Background Sutureless aortic valve prostheses are anchored by radial force in a mechanism similar to that of transcatheter aortic valve implantation (TAVI). TAVI is associated with an increased permanent pacemaker (PPM) requirement in a significant proportion of patients. We undertook a meta-analysis to examine the incidence of PPM insertion associated with sutureless compared with conventional SAVR.

Methods A systematic review was conducted in accordance with the Prisma guidelines (1).

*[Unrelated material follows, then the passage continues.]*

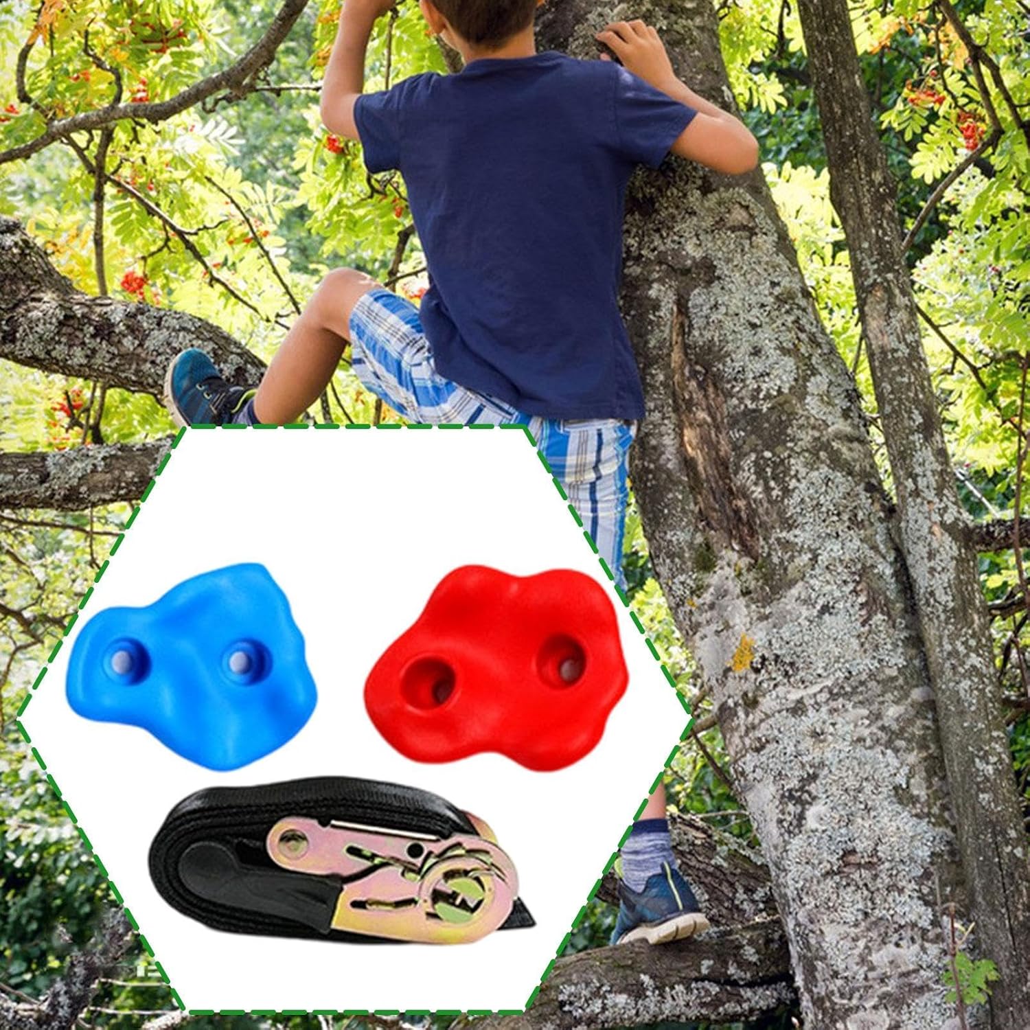 【Installazione semplice e vestibilità regolabile】: Grazie al design a due fori, queste prese da arrampicata offrono un montaggio rapido e senza problemi. Regola facilmente la tensione della cinghia a cricchetto per adattarsi saldamente a varie dimensioni di alberi, garantendo un'esperienza stabile e intuitiva per tutti i giovani scalatori. 【Benefici per la crescita 】: Più che un semplice gioco, queste rocce artificiali da arrampicata sono progettate per favorire sviluppo completo. Aiutano i bambini a sviluppare la muscolare, migliorare l'equilibrio e affinare la coordinazione occhio-mano, aumentando in definitiva la loro sicurezza e promuovendo la crescita fisica. 【Costruzione robusta】: Realizzate in PE, queste prese da arrampicata per bambini sono progettate per un'elevata capacità di carico e prestazioni costanti e affidabili. La struttura robusta, combinata con un robusto di sicurezza integrato, offre la durante ogni attività di arrampicata. 【Impugnatura ergonomica e sicura】: ogni roccia artificiale da arrampicata vanta bordi lisci e arrotondati e una superficie ruvida e antiscivolo, garantendo una presa comoda e . Progettate senza punti di pressione, offrono un supporto affidabile e sicuro per mani e piedini, favorendo un gioco senza preoccupazioni. 【Sviluppo per bambini】: trasforma qualsiasi spazio esterno in un'entusiasmante zona di avventure! Ideali per il gioco in giardino o per allestimenti commerciali, queste strutture per l'arrampicata sugli alberi incoraggiano l'esplorazione attiva all'aria aperta, stimolando le capacità motorie e la creatività dei bambini attraverso un divertimento coinvolgente ed educativo.
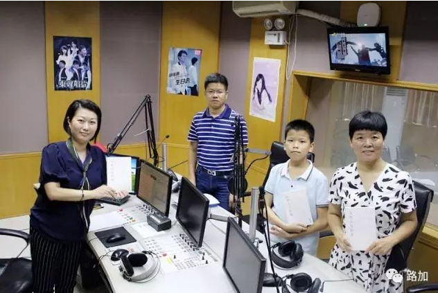 尹继雄及家人(爱人王丽,儿子尹品俊)携新书《我把大海折叠》做客晋江市广播电视台的情景。

PubMed was searched by entering the following in the searching algorithm: sutureless AND aortic AND valve, tissue AND aortic AND valve, mechanical AND aortic AND valve. English was set as a language restriction. All searches were performed on August 10th2014.

Studies between 2007 and 2014 were included in the search. A mixed-effects meta-regression with sutureless vs conventional as a fixed moderator variable was performed.

Results In total, 832 patients were included in the sutureless group and 3,740 in the conventional group. Permanent pacemaker implantation rate was higher in the sutureless cohort (9.1 vs 2.4% p = 0.025). Cardiopulmonary bypass and aortic cross clamp times were shorter in the sutureless group (64.9 vs. 86.7 min p = 0.002, 39.8 vs. 62.4 min p < 0.001). No statistically significant differences in PVR grades 1–4 were identified between groups (Grade 1: 3.6 vs. 1.4% p = 0.107, Grade 2: 0.9 vs. 0.3% p = 0.264, Grade 3–4 0 vs. 0.4% p = 0.942). There was no difference in 30-day mortality between sutureless and conventional cohorts (1.9 vs. 3.2% p = 0.146).

Conclusion Sutureless aortic valve prostheses are associated with a higher incidence of PPM insertion but shorter implantation time than conventional, with no difference in 30-day mortality. Further investigation as to the prognostic significance of pacemaker requirement following sutureless aortic valve replacement is required.